The model successfully reproduced the anticipatory increases in GF observed after the arm movement onset. Less successful were reproductions in cases in which the GF started increasing before the arm movement onset. Nevertheless, the simulation did produce a longer delay in Pattern C compared to A, as predicted. It is likely that the optimization method used in the simulation did not fully capture the time courses of all possible variations of this action. In other words, this is not a problem of the model as such but rather of the optimization method.
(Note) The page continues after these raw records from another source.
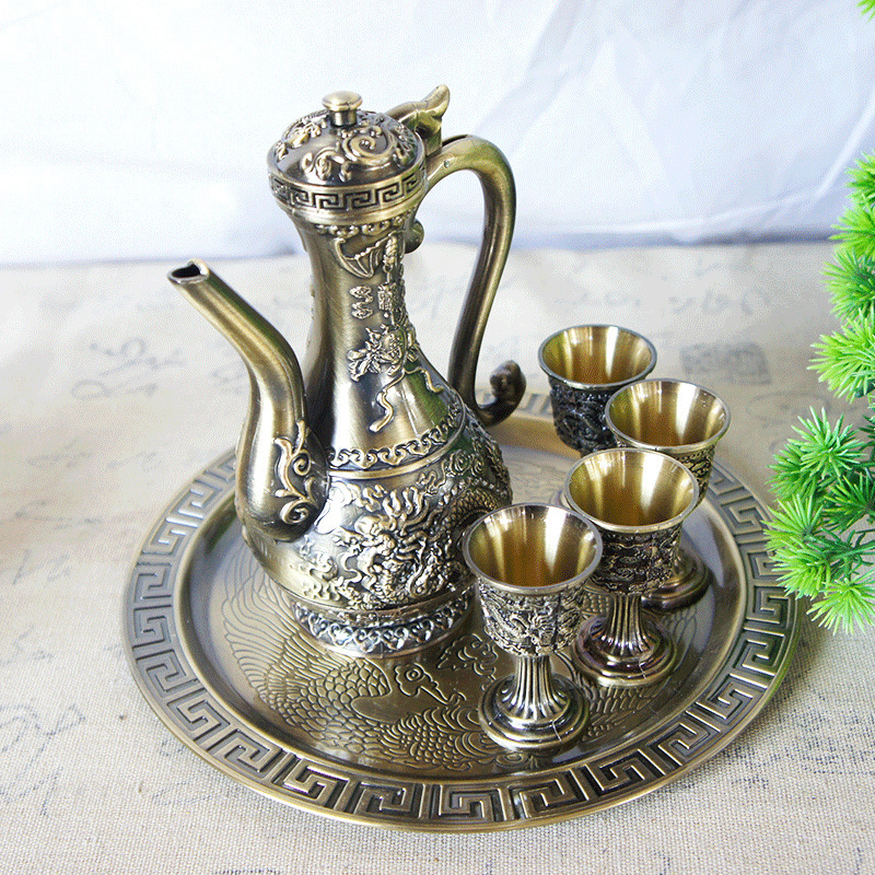 金属のレトロなバラの百福の竜鳳の酒の道具のスーツの合金の家庭用品のドラマの震える音の速い手の背景の装飾
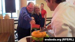На пытаньне журналістаў, ці не баіцца кампанія асноўнага канкурэнта — McDonald`s, які прыйшоў у Беларусь 19 гадоў таму і мае 7 рэстарацыяў у Менску і адзін у Віцебску, генэральны дырэктар Burger King у Расеі Дзьмітры Мядовы адказаў таксама пытаньнем: «А якое мяса вы больш любіце: падсмажанае на патэльні на алеі ці тлушчы, альбо мяса на адкрытым агні, на грылі?»
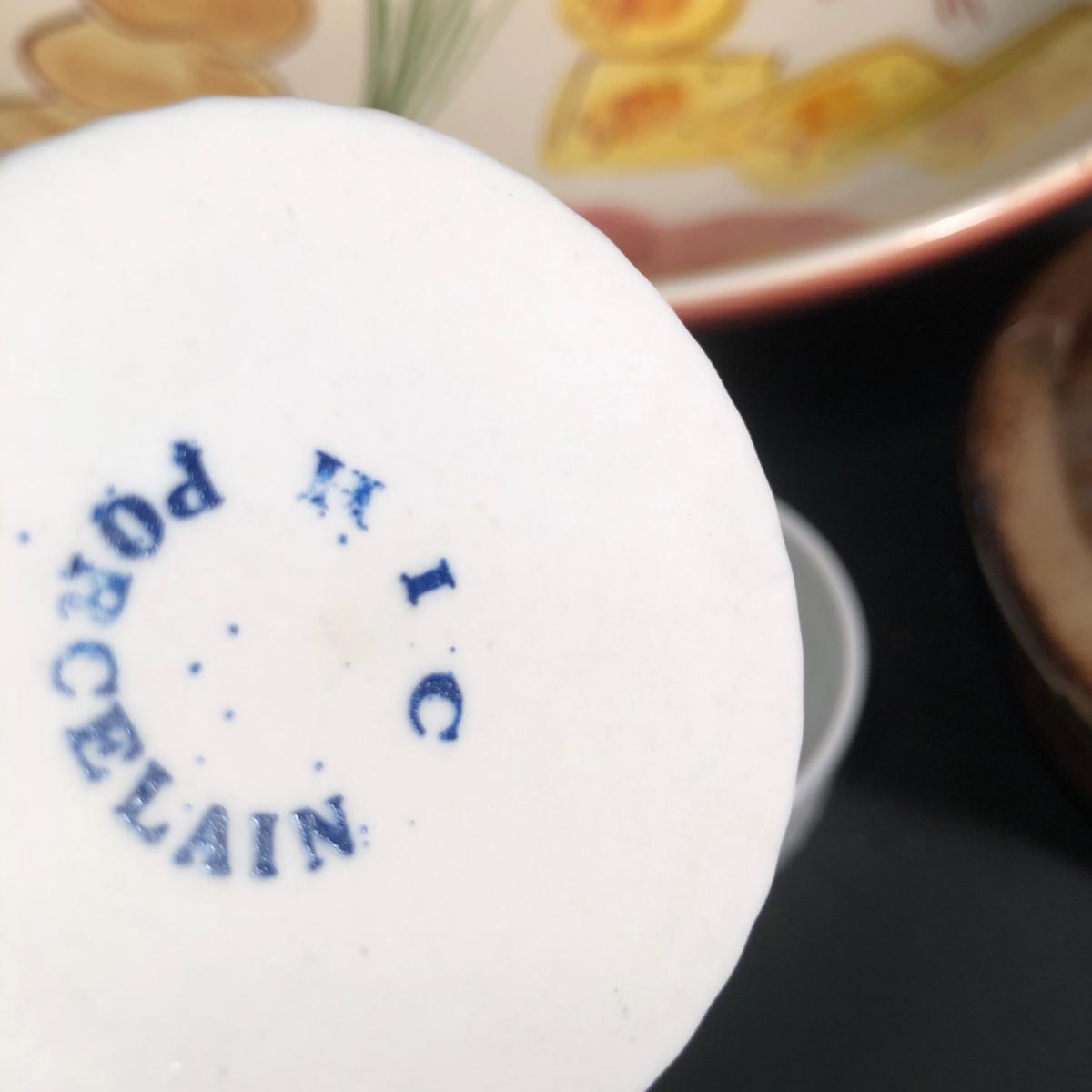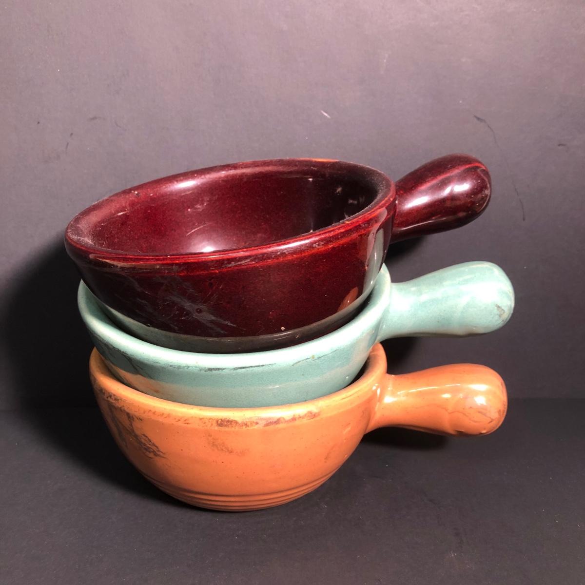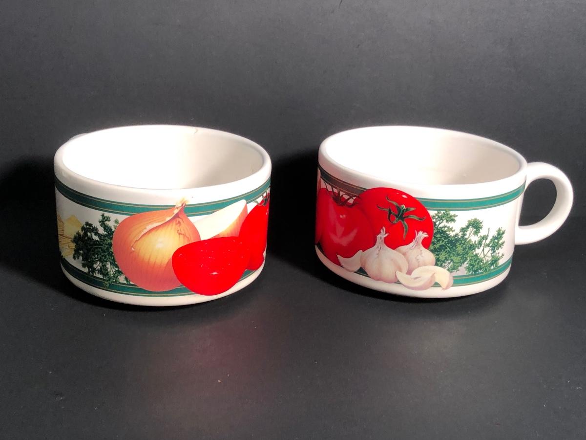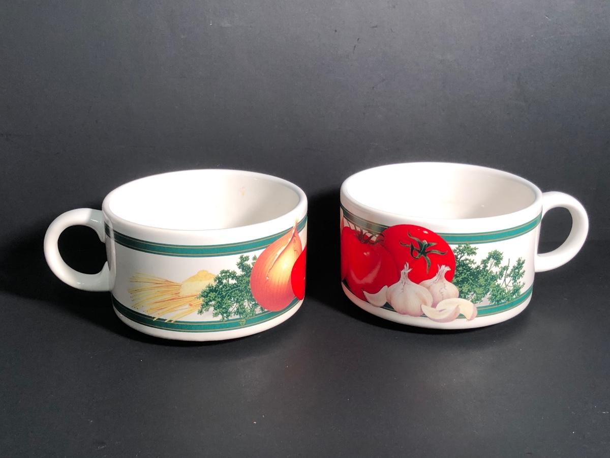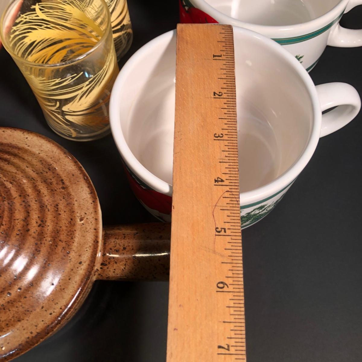 LOT 36K: Large Painted Chip 'N Dip Bowl, Libbey Wheat Glasses (2), Hickory Farms Soup Bowls & More

The control variable R of both GF and elbow movement simulations and variable C of elbow movement simulation were mathematically described by ramp-shaped time functions. It is possible that a model characterized by only one ramp shape cannot simulate trials of older adults and stroke subjects who use more feedback than feedforward patterns (Raghavan et al. 2006). The multiple peaks observed in the GF rate in these cases are likely due to multiple specifications of the referent position, which cannot be captured well by a single ramp. In addition, the ramp shape may not be able to simulate the anticipatory increases in GF before the arm movement onset (Pattern A) due to the gradual GF increase that characterized some of the experimental trials. Finally, the relatively large number of fixed variables may not have well described the movements, and as the optimization procedure is sensitive to the initial estimate and several variables were used, the best-fit simulations may have been local minima rather than the actual optimal solution.

Clinical implications

Deficits in temporal coupling between the arm and hand were related to clinical functional ability of the upper limb in the stroke group. This is similar to previous studies in which temporal coupling between the rate of change of GF and load force during the lift correlated highly with the Action Research Arm Test (McDonnell et al. 2006), and deficits in pre-lift delay were related to worse performance on the Jebsen–Taylor Hand Function Test, Motor Assessment Scale and a custom-designed survey about daily hand use (Blennerhassett et al. 2008). Such correlations point to the functional significance of task-specific temporal coupling, and suggest that this aspect of movement production may be important to assess and train during rehabilitation of stroke survivors with elbow movement and grip deficits. Our finding that healthy typical and non-healthy typical patterns were produced by changing R and C commands in a subgroup of stroke subjects suggests that the underlying cause of the motor dysfunction is related to deficits in parametric control. Improvements in motor function due to recovery or training may result from recovery of the ability to specify and regulate descending threshold control variables.

Conclusions

The significantly fewer healthy typical patterns observed in stroke subjects during FE arm movements, impaired ability to increase movement-related GF during fast compared to self-paced arm extension, together with the observed association between longer delays and upper limb motor impairment, describe several deficits of anticipatory GF control in subjects with stroke. These deficits may be related to limitations in parametric control, defined as inability to specify appropriate R and C commands.